Source information
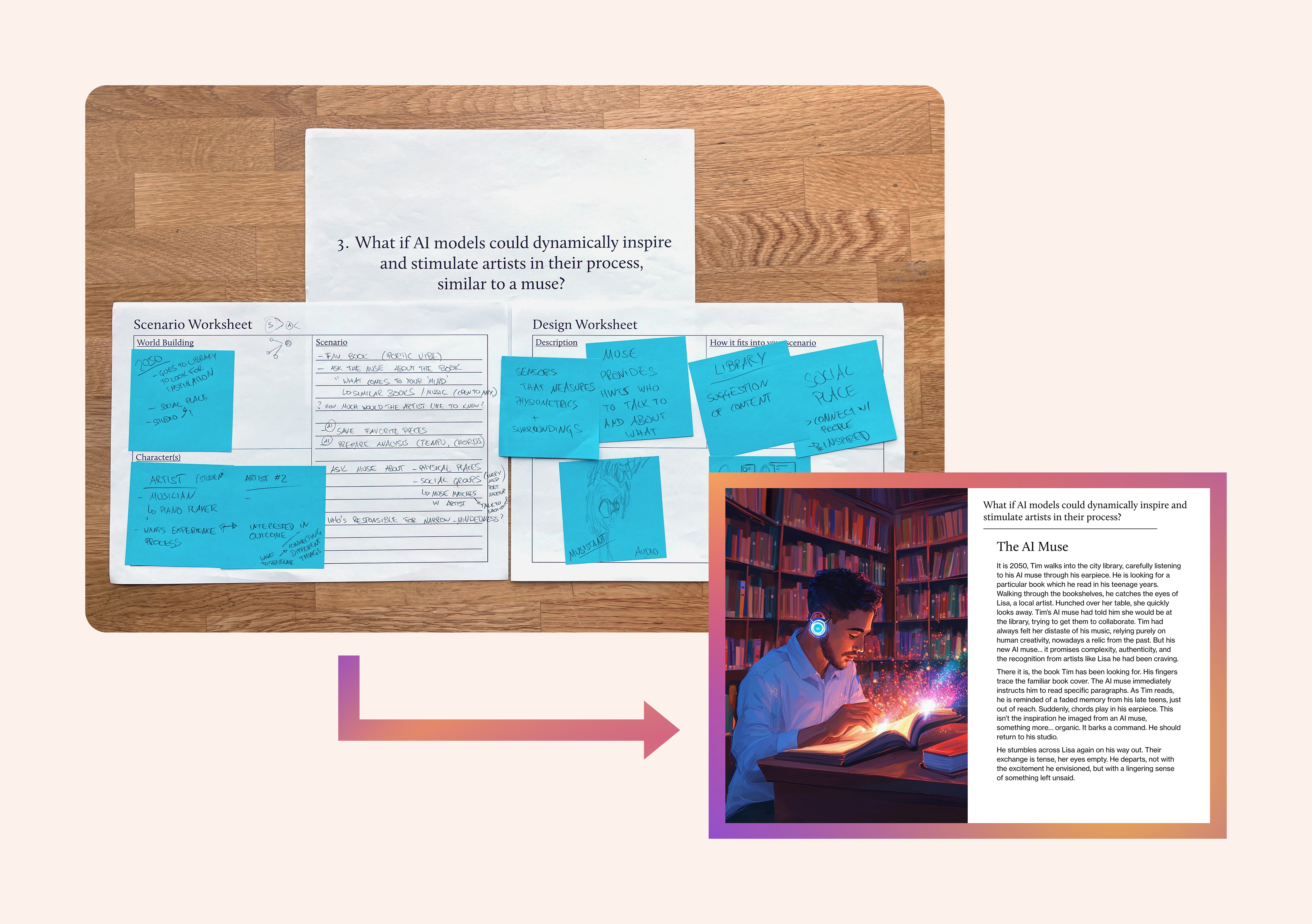Led a second workshop, where Artists transformed their mapped futures into fictional design artefacts and narratives, from intelligent tools to AI-free creative movements. These stories became the foundation for four speculative scenarios that informed the design fiction phase of the project.
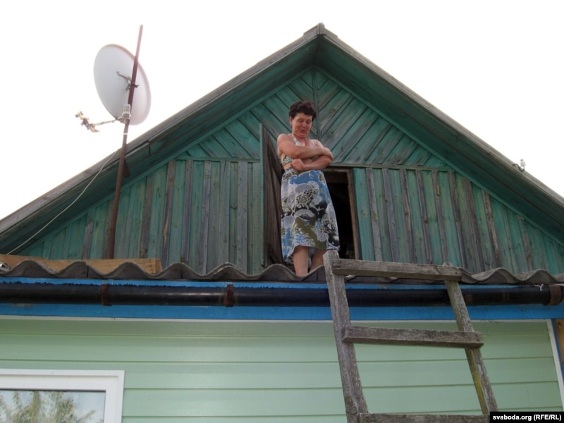 І ўсё-ткі атмасфэру не паказушнага, але шчырага і рэальнага аптымізму сёньня мала дзе сустрэнеш. Старэйшыну РТС, 60-гадовую спадарыню Валянціну Юшкевіч я застаў на даху хаты — на гарышчы прыбірала сьмецьце. Даведаўшыся пра мэту размовы, хуценька спусьцілася ўніз.
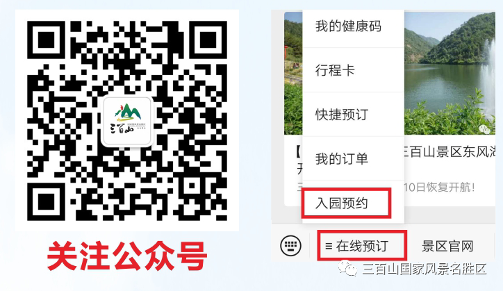 第一步:扫码关注下方:三百山国家风景名胜区官方微信公众号;
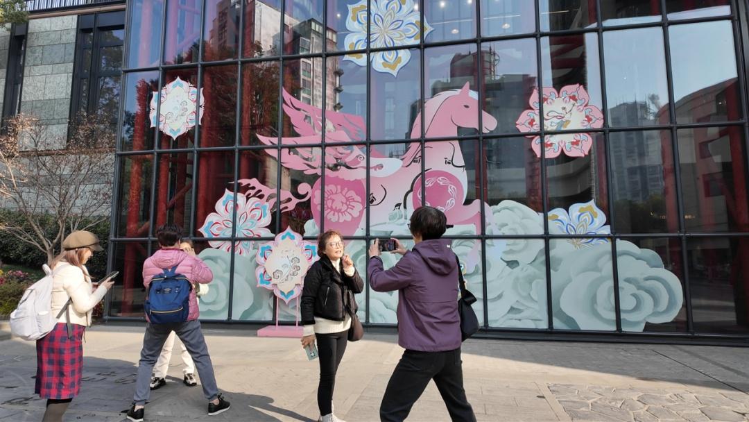 “我带小孩经常来,这次的设计既有传统韵味,又很新颖,和天安千树的氛围很契合。”推着婴儿车的市民陈晨说。另一位市民鲁海杨则表示:“画面色彩温馨,让人忍不住想记录下来。”不少银发族也结伴前来,将这里作为“美育课堂”,切磋拍摄技艺,成为一道动人的年节风景。
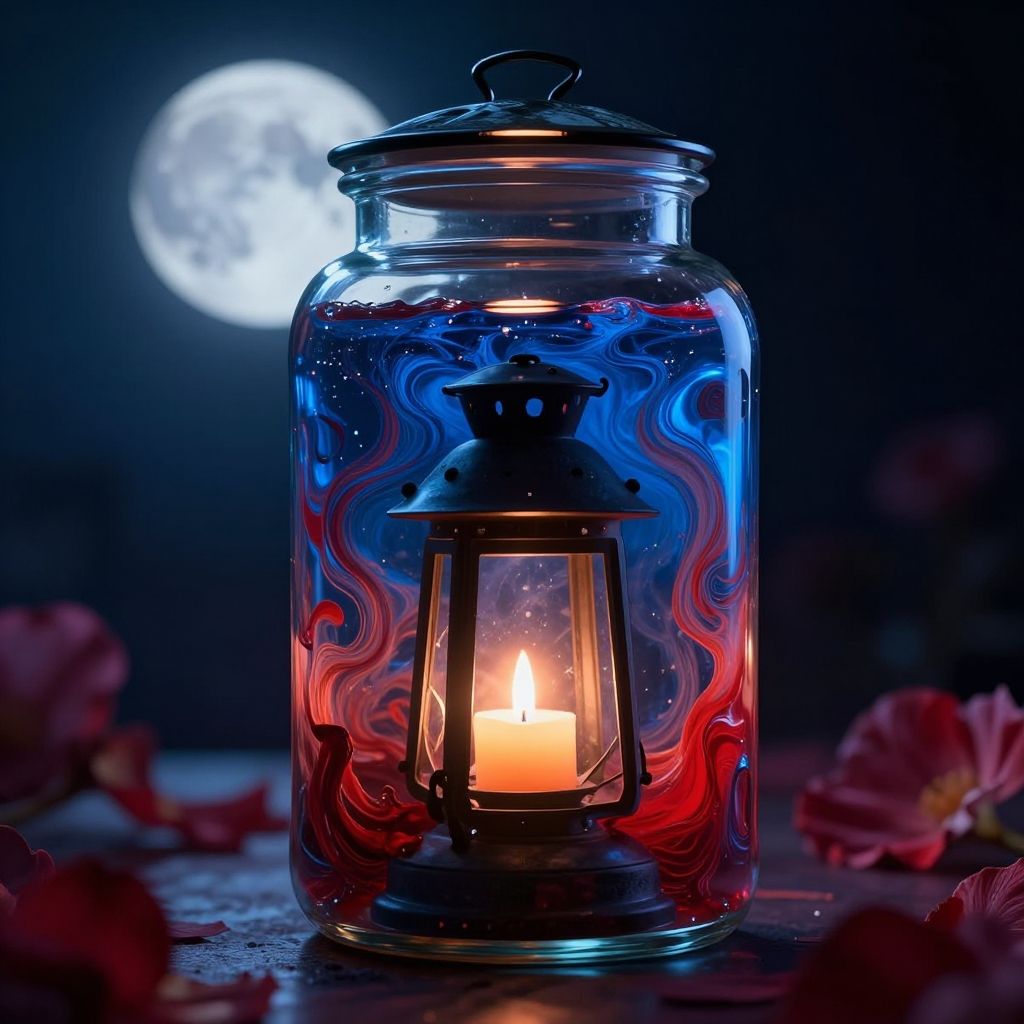 Life in a glass jar with swirling blue and red liquid. intricate, hyper detailed, ultra realistic, sharp focus, octane render, lantern candle volumetric, ray tracing by greg rutkowski, sci - fi, bladerunner, 8 k, artstation trending, moon, flowery petals background, sense of awe, mystical, moon. art by artgerm and

Work instructions
An exact repetition of the listing is needed, with the pictures dropped.

Answer section
Led a second workshop, where Artists transformed their mapped futures into fictional design artefacts and narratives, from intelligent tools to AI-free creative movements. These stories became the foundation for four speculative scenarios that informed the design fiction phase of the project.
 І ўсё-ткі атмасфэру не паказушнага, але шчырага і рэальнага аптымізму сёньня мала дзе сустрэнеш. Старэйшыну РТС, 60-гадовую спадарыню Валянціну Юшкевіч я застаў на даху хаты — на гарышчы прыбірала сьмецьце. Даведаўшыся пра мэту размовы, хуценька спусьцілася ўніз.
 第一步:扫码关注下方:三百山国家风景名胜区官方微信公众号;
 “我带小孩经常来,这次的设计既有传统韵味,又很新颖,和天安千树的氛围很契合。”推着婴儿车的市民陈晨说。另一位市民鲁海杨则表示:“画面色彩温馨,让人忍不住想记录下来。”不少银发族也结伴前来,将这里作为“美育课堂”,切磋拍摄技艺,成为一道动人的年节风景。
 Life in a glass jar with swirling blue and red liquid. intricate, hyper detailed, ultra realistic, sharp focus, octane render, lantern candle volumetric, ray tracing by greg rutkowski, sci - fi, bladerunner, 8 k, artstation trending, moon, flowery petals background, sense of awe, mystical, moon. art by artgerm and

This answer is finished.